A produção de ídolos, dentro da cosmovisão do AOP, não era vista como algo
humano, mas como atividade conduzida diretamente pelos deuses, semelhante ao
conceito cristão de inspiração das Escrituras. Ao término de todo o processo de
fabricação do ídolo, o ritual mais importante realizado era o ritual de “lava-boca” do
ídolo. Ao lavar a boca da imagem, os deuses poderiam comer e beber as oferendas
e cheirar os incensos queimados em seu louvor.
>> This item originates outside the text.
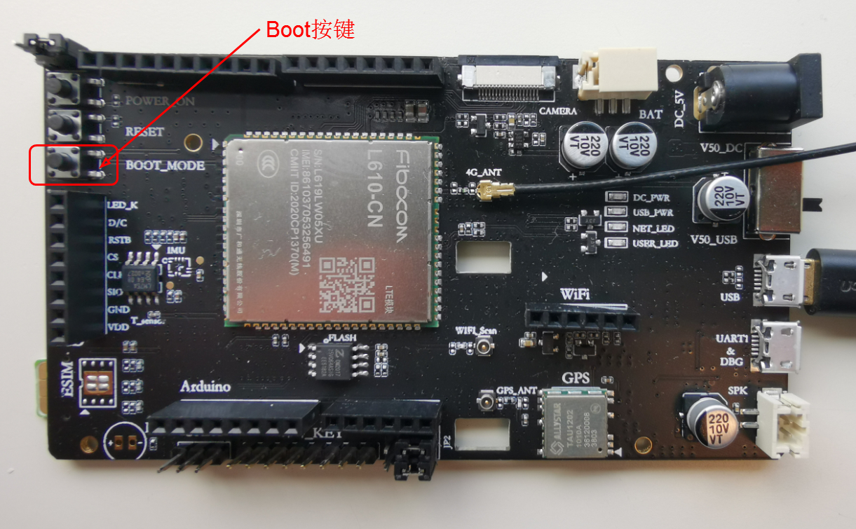 (1)本文使用FIBOCOM L610-AEVK开发板。 L610_Arduino_EVK是基于fibocom CAT1产品L610 openCPU模组的开发套件,具备 Arduino接口,可以支持Arduino接口配件板,搭配 GPS定位、WiFi、六轴传感器、温度传感器、8MB Flash、麦克风、喇叭、LCD显示屏、摄像头、2Kb EEPROM、4*4矩阵按键组使用。 这是一个非常强大的Cat.1开发板,想做Cat.1产品的开发者必备神器。   (2)如上图所示,在4G_ANT插上开发板附赠的天线。USB接口连接电脑。插入SIM卡。 注意:建议USB直接连电脑。我遇到一个问题(仅供参考):把USB接到USB分线器,此时coolwatcher软件、串口调试助手等软件,运行不正常。USB直连电脑,软件运行正常。 (3)GXHT30芯片使用L610-CN的I2C1端口,按下图所示。杜邦线连接传感器。 注意:有开发者给我留言,说前几天学完GPS定位器和Cat.1+PLC无线网关的文章,现在做I2C环境温湿度的文章,JP2是否还插着短路端子?我看了下,我这边的JP2是留空的。

Após essa etapa, o ídolo era
finalmente colocado na parte mais importante do templo; palavras declaratórias eram
proferidas e, finalmente, o ídolo poderia ser adorado por todos.

A principal crítica apontada contra a prática da idolatria veio dos profetas Isaías
e Jeremias (cf. Isaías 44:9-20 e Jeremias 10:2-16). De acordo com os profetas, era
um completo absurdo em termos lógicos tributar algo de divino às imagens que são
feitas por mãos humanas. Em outras palavras: se é produto humano, não pode ser
divino. “Eles criticavam a ideia de uma verdadeira deidade estar presente dentro de
uma imagem feita por humanos.”
Por que conhecer o contexto do Antigo Oriente Próximo para compreender
melhor o texto da Bíblia Hebraica? Uma das regras mais básicas da exegese bíblica
é nunca impor ao texto aquilo que achamos ser correto. A nossa tarefa é a exegese
e não a eisegese. Isso implica dizer que conhecer não somente o texto sagrado em
si, mas também todo o caldo cultural que fez parte dos autores originais e dos
primeiros leitores, é fundamental para compreendermos hoje, depois de milênios,
como esses textos foram escritos, e compreender qual era a mensagem original, a
forma primeira, da revelação divina.